Vanilla Neural Network Backward Pass

This tutorial will show how to perform the backward pass of a vanilla neural network.

Backprop through a single layer

Let's say we have a neural network where one of the middle layers is \(z = aW + b\). Let's start with a batch size of 1, assume \(a\) has 3 features, and \(W\) is shape (3, 2); hence \(z\) has shape (1, 2): \[ a = \begin{bmatrix} a_1 & a_2 & a_3 \end{bmatrix}\quad \] \[ W = \begin{bmatrix} w_1 & w_2\\ w_3 & w_4\\ w_5 & w_6 \end{bmatrix}\quad \] \[ b = \begin{bmatrix} b_1 & b_2 \end{bmatrix}\quad \] \[ z = aW + b = \begin{bmatrix} z_1 & z_2 \end{bmatrix} \] Assume we have already calculated the upstream gradient \(\dfrac{\partial L}{\partial z}\) (let's call it \(z'\)): \[\dfrac{\partial L}{\partial z} = z' = \begin{bmatrix} z'_1 & z'_2 \end{bmatrix} \] What is \(\dfrac{\partial L}{\partial W}\), \(\dfrac{\partial L}{\partial b}\), and \(\dfrac{\partial L}{\partial a}\)?
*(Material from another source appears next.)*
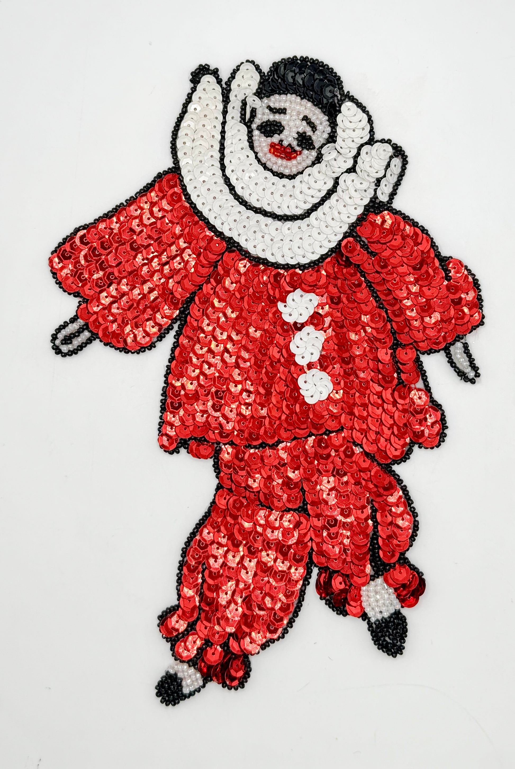 Clown with Red, White and Black Sequins and Beads 8.5" x 5.75”
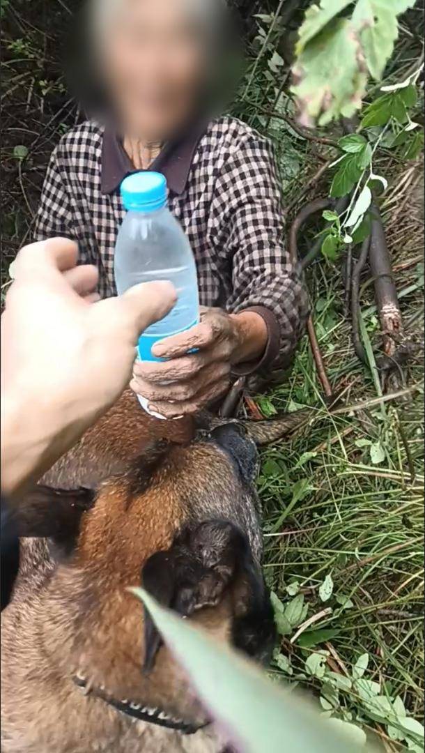 民警在警犬“追風(fēng)”帶路下找到失蹤老人。

\(\dfrac{\partial L}{\partial W}\):

\(\dfrac{\partial z}{\partial W}\) would be a 3d tensor, so instead let's look at the derivative of each element of \(z\) with respect to \(W\): \[ \dfrac{\partial z_1}{\partial W} = \begin{bmatrix} a_1 & 0\\ a_2 & 0\\ a_3 & 0 \end{bmatrix} \qquad \dfrac{\partial z_2}{\partial W} = \begin{bmatrix} 0 & a_1\\ 0 & a_2\\ 0 & a_3 \end{bmatrix} \] The total derivative of loss with respect to \(W\) is: \[\dfrac{\partial L}{\partial W} = \dfrac{\partial L}{\partial z_1}\dfrac{\partial z_1}{\partial W} + \dfrac{\partial L}{\partial z_2}\dfrac{\partial z_2}{\partial W} \] So:

\(\dfrac{\partial L}{\partial W} = z'_1 \begin{bmatrix} a_1 & 0\\ a_2 & 0\\ a_3 & 0 \end{bmatrix} + z'_2 \begin{bmatrix} 0 & a_1\\ 0 & a_2\\ 0 & a_3 \end{bmatrix} \) \( = \begin{bmatrix} a_1 \\ a_2 \\ a_3 \end{bmatrix} \begin{bmatrix} z'_1 & z'_2 \end{bmatrix} = a^\top z' \)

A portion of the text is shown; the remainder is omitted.